How to prescribe a limit to response value according to its physical meaning?

melonki · October 2, 2019, 1:15pm

Dear Contributors and Members,
I am trying to apply XGBoost to the assessment of environmental risk, where each variables should be within the zone of reasonableness. For example. the concentration of a certain pollutant should not be less than 0. However, in my model, I got a prediction with few negative values. Is there any way to prescribe a limit to response value when training a model? Or the only thing I can do is change these negative values to zero.

I would greatly appreciate any explanation or suggestions in this matter.

PS: I’m using xgboost 1.0.0.1 in R 3.6.1.

With kind regards,
Melonki

hcho3 · October 3, 2019, 3:34am

I don’t think this is currently possible. We’d need to add new loss (objective) functions that is somehow truncated, such as Truncated normal distribution.
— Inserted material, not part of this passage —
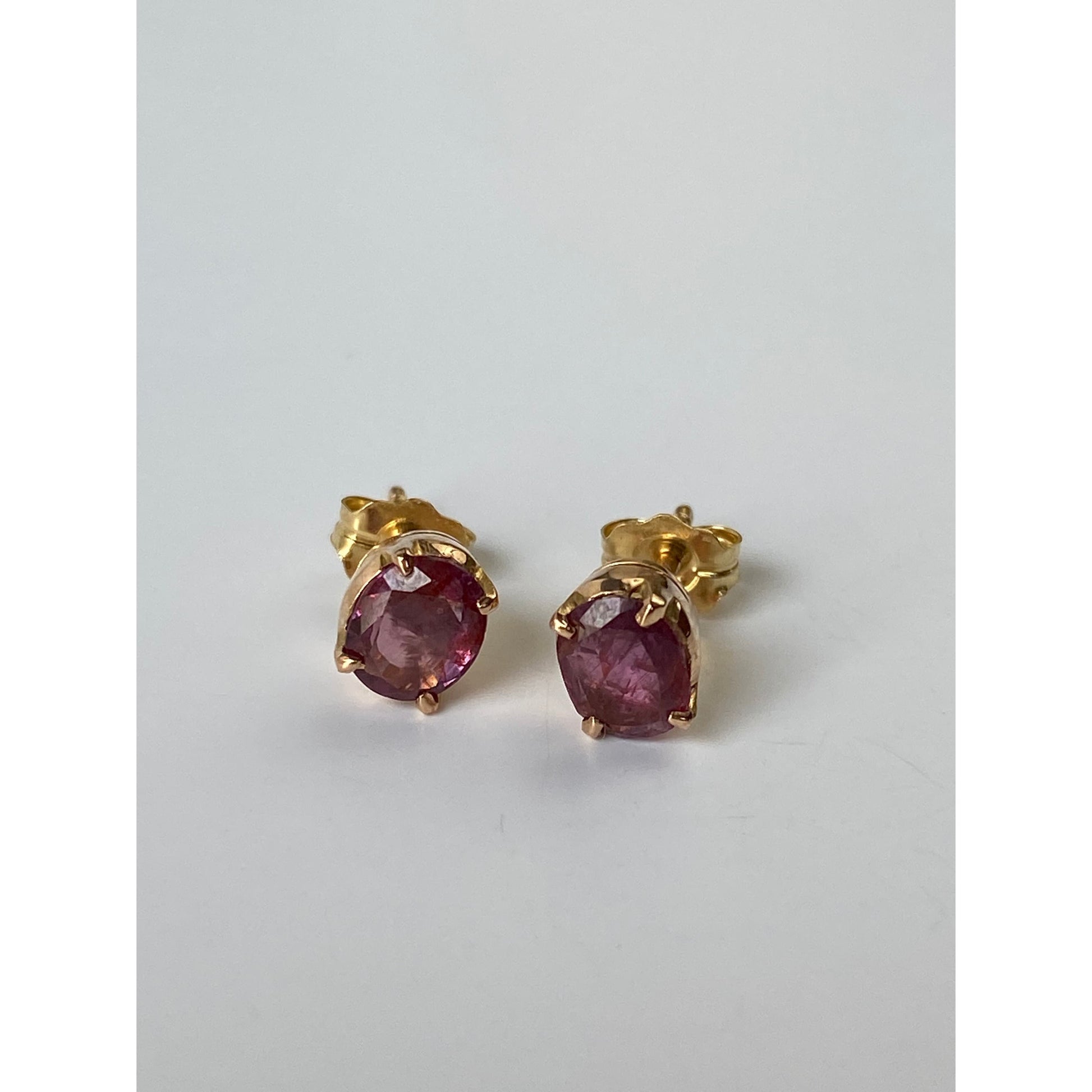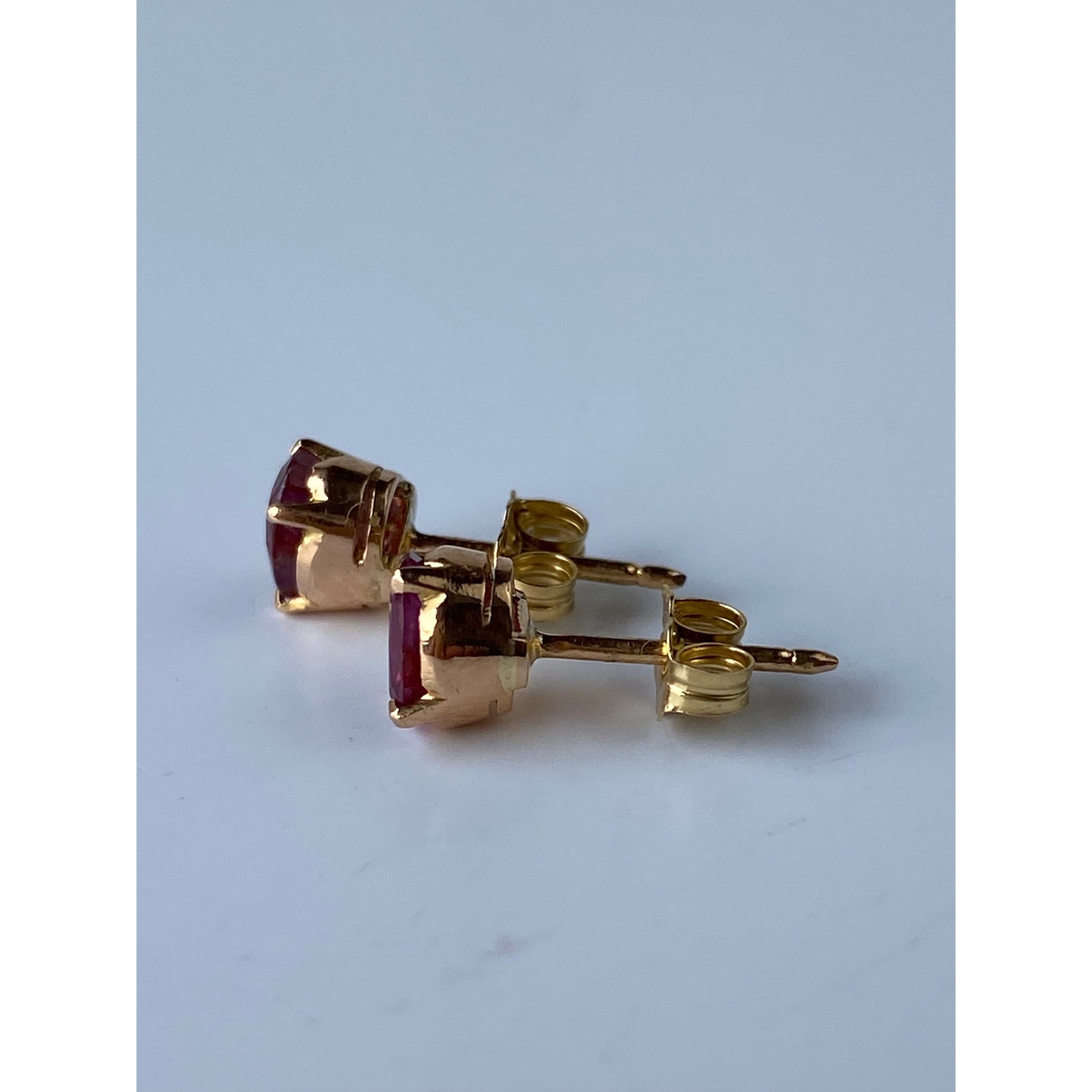 Vintage Solid 18k Yellow Gold Pink Spinel Stud Earrings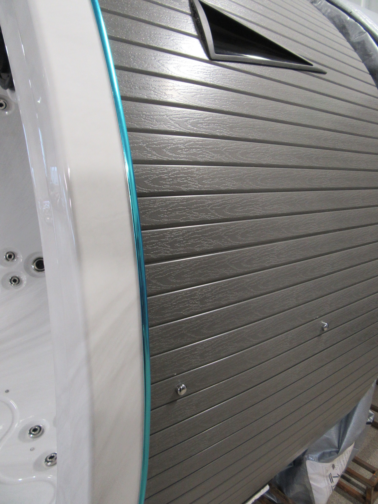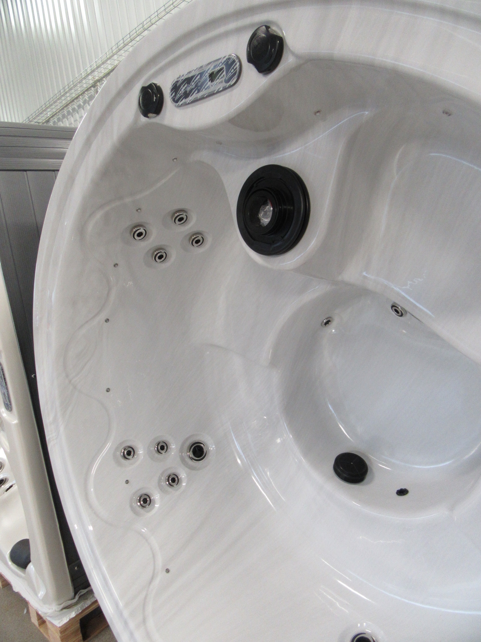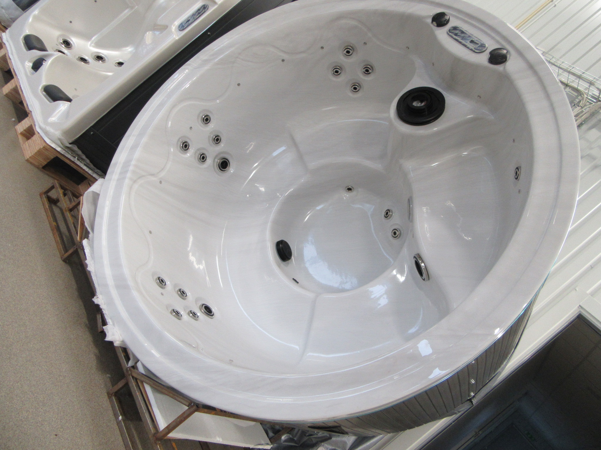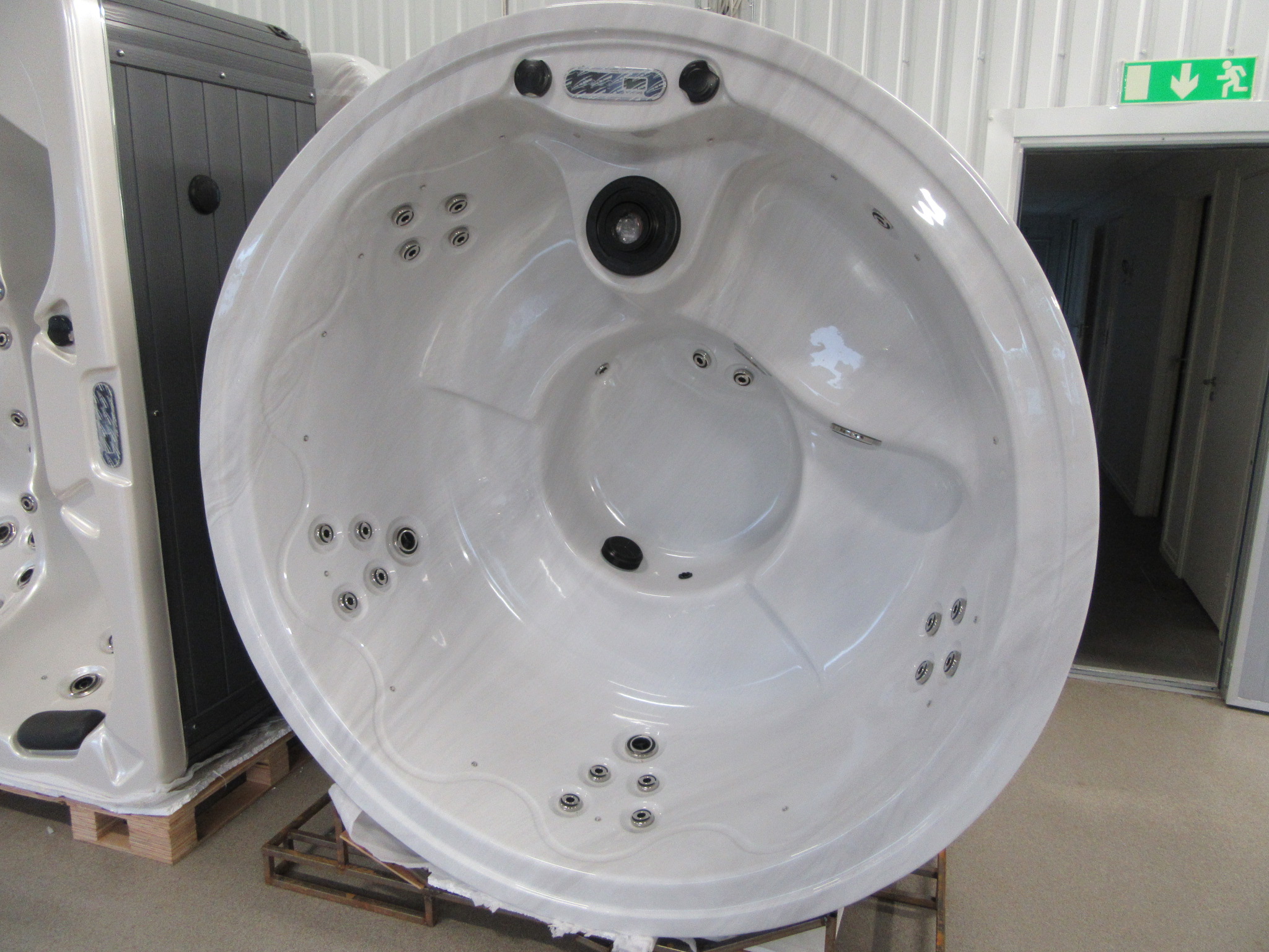 Fint runt spabad/bubbelpool med plats för minst fyra vuxna.

jrinne · October 3, 2019, 1:48pm

I thought trees did not extrapolate.

Wouldn’t this suggest that there must be some negative values for the pollutant (using your example) in the training labels?

Considering the if-else logic of a tree, how does a split arrive at a mean (rsme metric) or median (mae metric) value for a leaf of less than 0 if every single label in the training data is greater than zero?

Maybe I am missing something but if I am not it seems the answer might be to remove what would be truly legitimate outliers from the training data. Legitimate in that they are erroneous. Erroneous, as you say, in that the pollutant cannot be less than zero.

thvasilo · October 4, 2019, 1:14pm

@jrinne in boosting there might be predicted values outside the observed, see this SO question.

@melonki You can try to enforce non-negative values, for example try using a Gamma objective, if it fits your problem (for example long-tail distributed dependent), or log-transforming the dependent before training.

See the Objective part of the learning task parameters.